Experimental trees were assigned to alternating nutrient-enriched control groups after randomization of the first tree in the series. This systematic approach was favoured to maximize interspersion of treatment groups (Hurlbert 1984). Each nutrient-enriched tree was given one slow-release fertilizer spike (Miracle-Gro Tree and Shrub Fertilizer Spikes) immediately after planting (4 April 2006) and biweekly supplements of fertilizer solution (Miracle-Gro All Purpose Plant Food) during the active growth season between 5 May 2004 and 30 June 2004. Previous studies have shown that nitrogen concentrations of xylem in several woody trees increase rapidly (within 1–39 days) in response to fertilization (Crafts & Broyer 1938; Tromp 1983; Tromp & Ovaa 1985; BassiriRad et al. 1999; Youssefi et al. 2000). The first evidence of the emergence of cicadas was observed at this site on 15th May, with the vast majority of cicadas emerging by 22nd May. Most oviposition occurred between the end of May and mid-June.

In this study, light is defined as incident solar radiation, including the visible, ultraviolet and infrared portions of the electromagnetic spectrum. The light environment above each experimental tree was measured by the analysis of hemispheric canopy photographs (Comeau et al. 1998).
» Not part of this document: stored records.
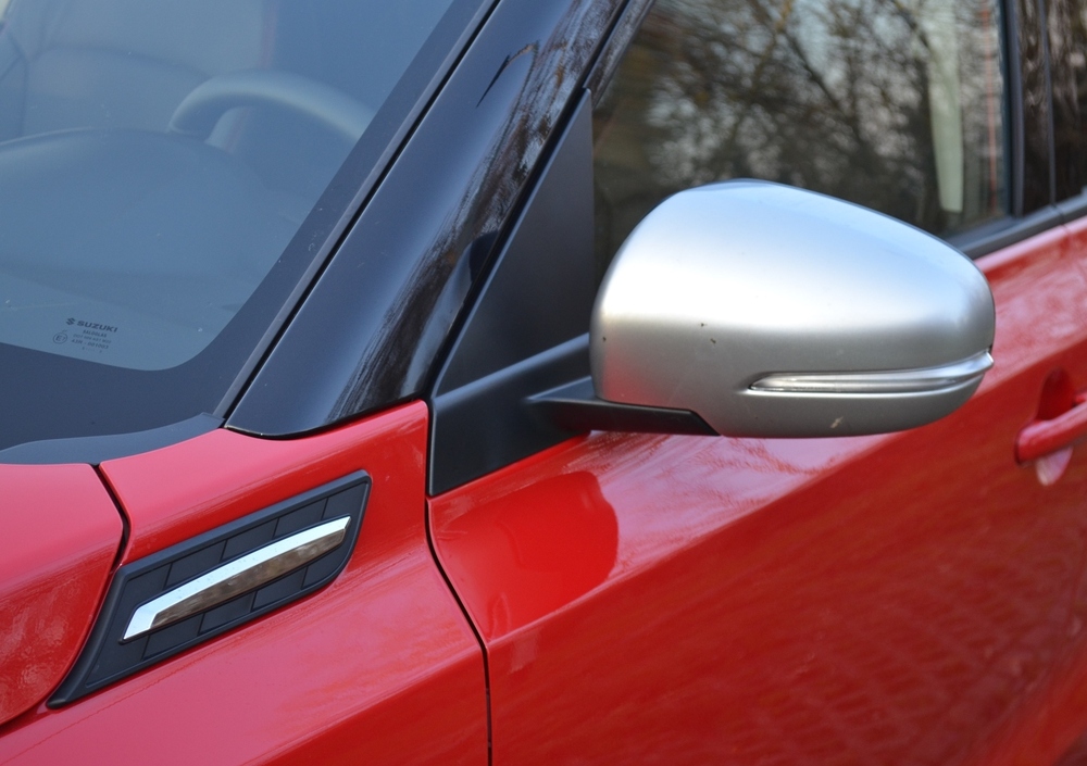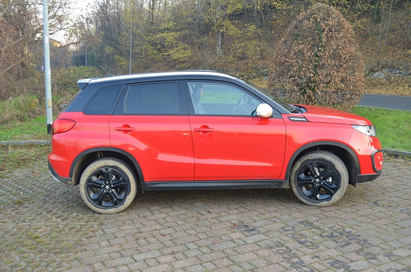 Rispetto a Suzuki Vitara, la S acquista alcuni particolari di design che colpiscono già al primo impatto. Specialmente nella colorazione rossa, che si accompagna a quella beige e quella grigia, tutte abbinate al tetto nero, si percepisce come il produttore giapponese abbia voluto avvicinarsi a quella clientela che non lascia nulla al caso, nemmeno la nuance dei cerchi, da 17 pollici qui, che si vestono di nero. Il frontale di Suzuki Vitara S mostra la calandra a cinque scomparti, e gruppi ottici dove gli anabbaglianti sono a LED, nel solito abbinamento discutibile di luce calda-fredda con gli abbaglianti alogeni. Intrigano, invece, il particolare rosso nel gruppo ottico, e le modanature nere del paraurti, che circondano le luci diurne a LED e i fendinebbia. Anche dietro Suzuki Vitara S presenta alcune differenze: lo spoiler nero, per esempio, si accompagna all’estrattore satinato, e satinati sono anche gli specchietti retrovisori. L’insieme risulta armonioso, tanto che a un occhio poco attento o nello sguardo di un attimo, Suzuki Vitara S ricorda vagamente Range Rover Evoque. Suzuki Vitara S, al pari di Suzuki Vitara, è un fuoristrada snello da meno di quattro metri e venti di lunghezza per un metro e sessantuno di altezza e quasi uno e ottanta di larghezza. Pesa quasi tredici quintali, che declinati nell’uso in fuoristrada si traducono in grande maneggevolezza e possibilità di cavarsi di impaccio in ogni occasione, merito pure della trazione integrale permanente.
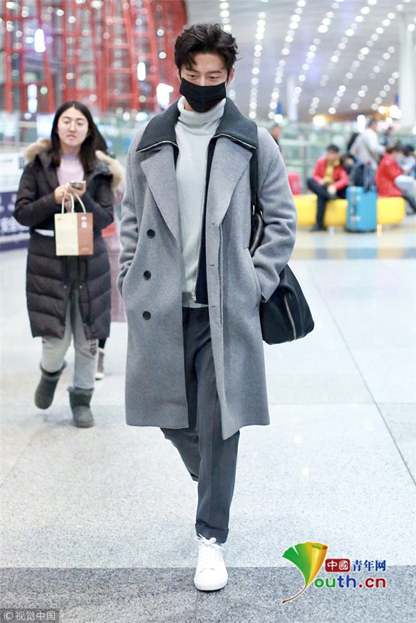 ??2017年12月13日,北京,竇驍身著灰色大衣、戴口罩現(xiàn)身機場,為粉絲大方簽名,見鏡頭開心比V揮手親和力滿分。
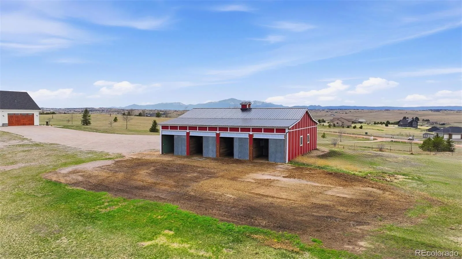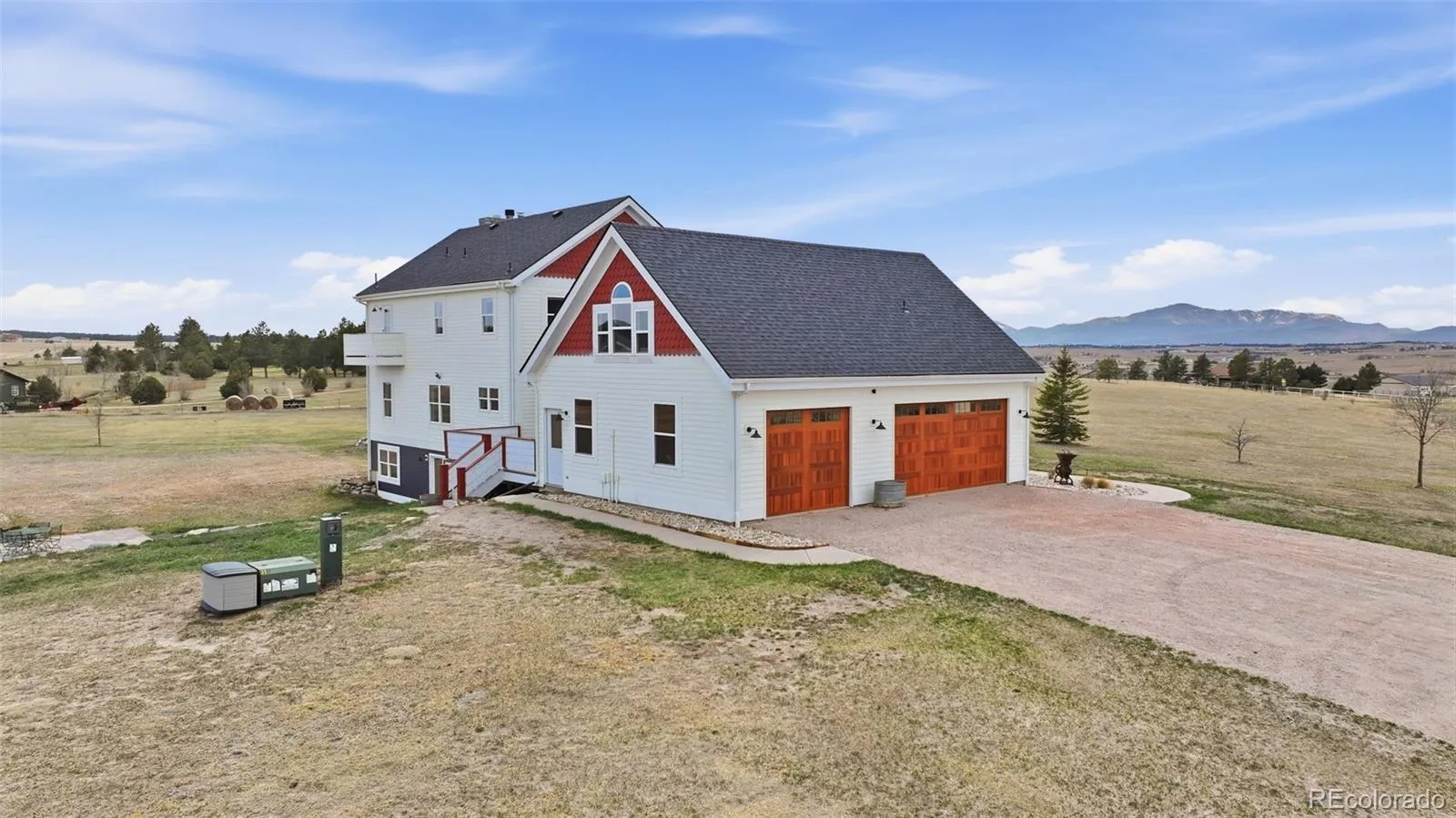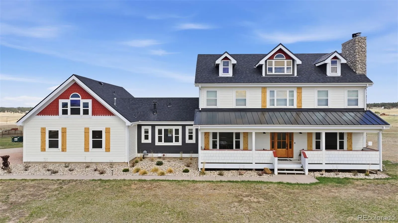 Your dream property awaits! Perched on one of the highest elevation points in Black Forest, this stunning farmhouse on 20 acres is framed by sweeping views of the front range and surrounding hills! Located in District 38, this property features a gorgeous 4100+ sq foot home plus a 30×50 barn for your animals or hobbies! Zoned for horses with no HOA, quick access to Highway 83 and I-25, this spacious and inviting home has been updated both inside and out to include paint, exterior touches and landscaping, brand new carpet, kitchen updates with butcher block island, appliances, and stone countertops. All bathrooms in the home have been updated. Enjoy spreading out- main level features a living area complete with a stone fireplace, breakfast nook, formal dining, and a room that is perfect for a home office. The oversized mudroom has plenty of space for smart storage, and laundry is thoughtfully connected. Spacious walk-in pantry is located in the perfect spot for easy grocery unloading. Upstairs, the primary suite features a fireplace, 5 piece bathroom complete with a clawfoot bathtub and even a private balcony! Two secondary bedrooms and a full bath complete the upstairs space. Downstairs in the basement, a large rec-room and full bathroom provide plenty of opportunity to relax, entertain, or use as additional homeschool or work from home setup. Walkout access to the backyard makes this an ideal space for enjoyment. The home also has a fabulous BONUS loft above the garage that is perfect for guests, or multi-generational living. The loft features a living space, wet bar with beverage fridge, 3/4 bathroom, and bedroom. Enjoy your incredible Pikes Peak views from the front porch, or find shade from the sun off of the back patio. New landscaping in both the front and back make this home enjoyable year-round. Steps from the house is a perfect space for animals or hobbies. The barn can be configured to house stalls, used as a workshop, or anything else you desire!
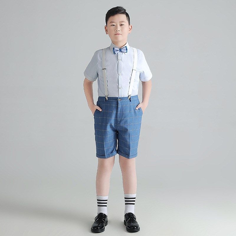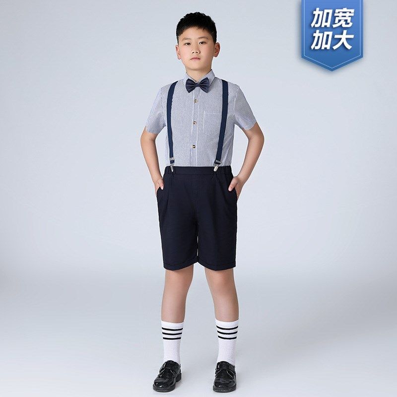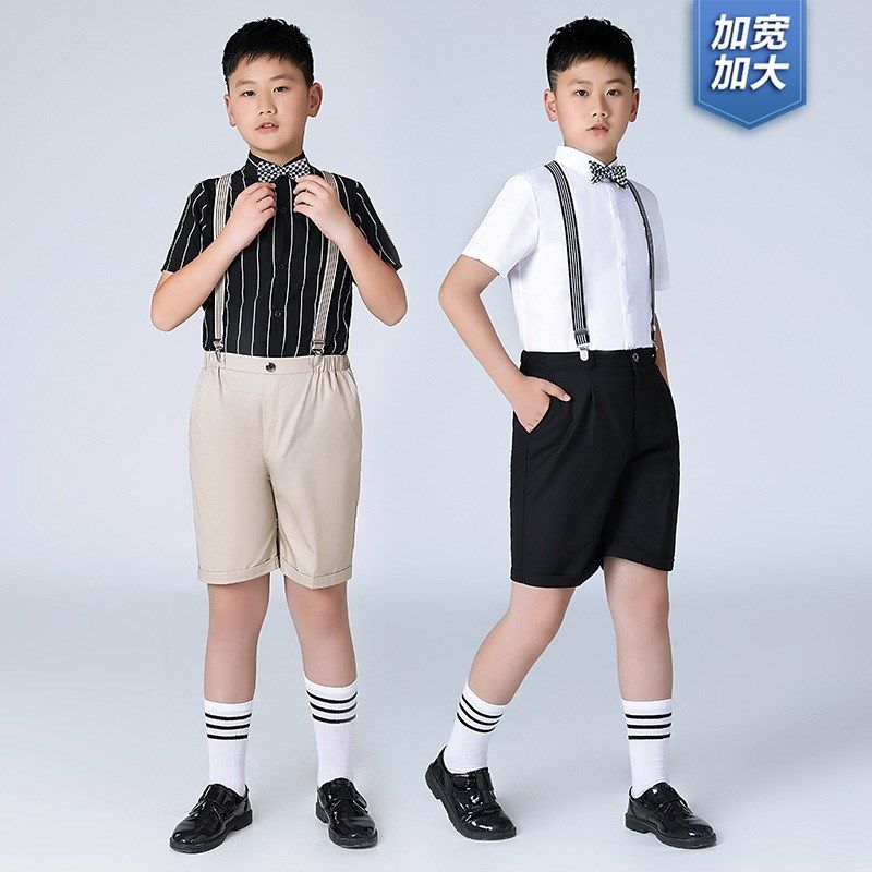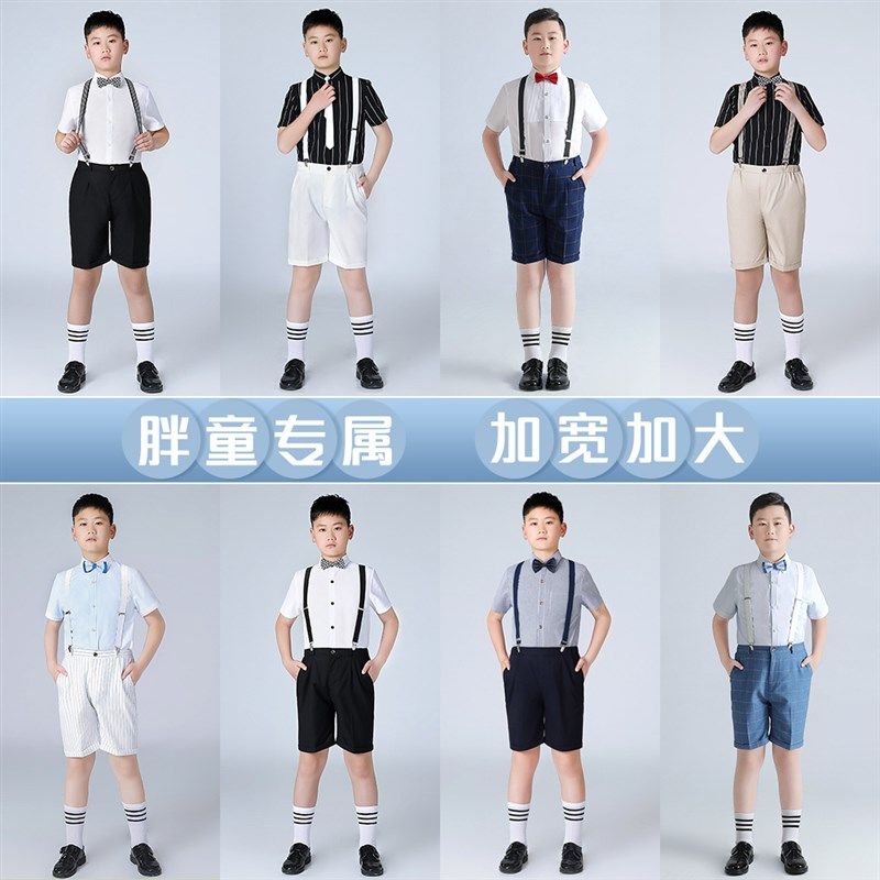 胖版男童背带裤套装夏季儿童加肥加大短袖衬衫短裤主持钢琴演出服
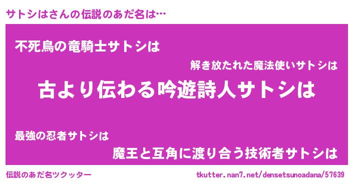 | 女子向けラノベタイトル風あだ名 | 『サトシはの契約王妃』『闇のサトシは』 |
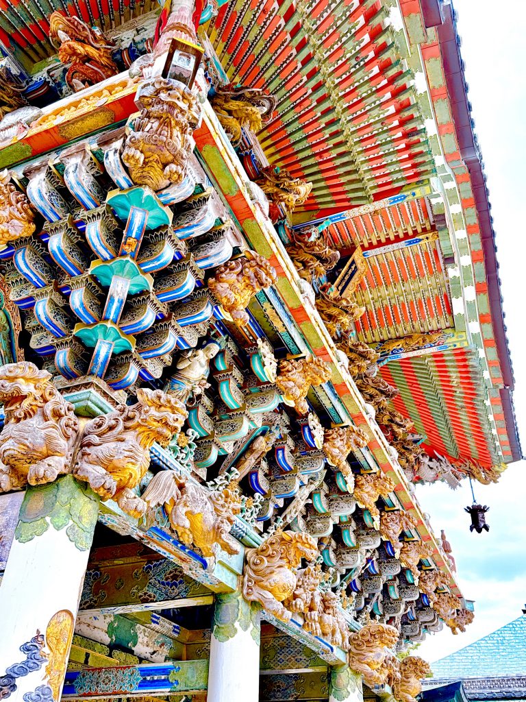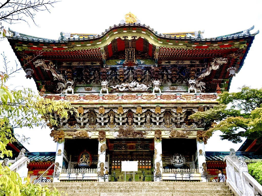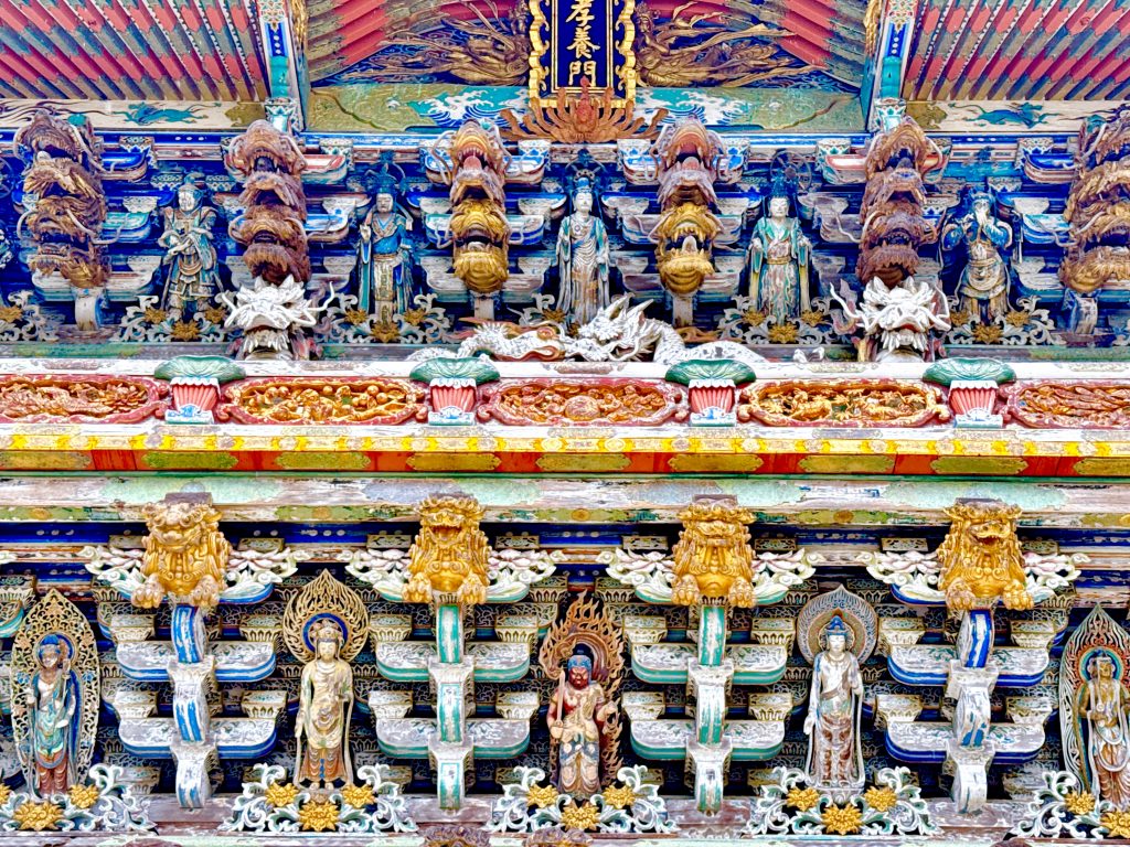 原作は日光東照宮陽明門。当寺の建築においては唯一その実測図が用いられており、各部の比例も一致。10年の歳月をかけて完成。相違は各部の装飾の彫刻と彩色に多く、下層柱の金銀泥彩色を施した聖衆来迎の浮彫、組物表面に施した宝相華と繧繝(うんげん)彩色など。

Hemispheric (180°) photographs were taken using a vertically oriented Nikon Coolpix 995 digital camera with a Nikon FC-E8 fisheye lens converter. These photographs were analysed using the Gap Light Analyzer (GLA) v. 2.0 (Frazer et al. 1999) software to determine the proportion of visible sky (‘percentage of canopy openness’) and the fraction of solar radiation above the canopy that is transmitted to the forest understorey (‘percentage of transmitted light’) above each experimental tree. Canopy openness is an attribute of the canopy gap structure, while indices of transmitted light also incorporate global location and local seasonal solar radiation data. The GLA v. 2.0 software was parameterized with 30-year monthly averages of solar radiation data from the Weather Bureau Army Navy monitoring station in Sterling, VA (38°57′0″ N 77°27′0″ W). The observed variation in canopy openness and solar radiation among trees resulted from the heterogeneous structure of this successional forest, which included a complex mosaic of trees, grasses and herbaceous vegetation of widely varying ages and heights. The light environment of individual trees was largely affected by the size and the structure of the neighbouring vegetation on a local scale (1–5 m). By utilizing this natural variation in light availability, this study combines a manipulated factor (nitrogen availability) with a mensurative factor (light), sensu Hurlbert (1984).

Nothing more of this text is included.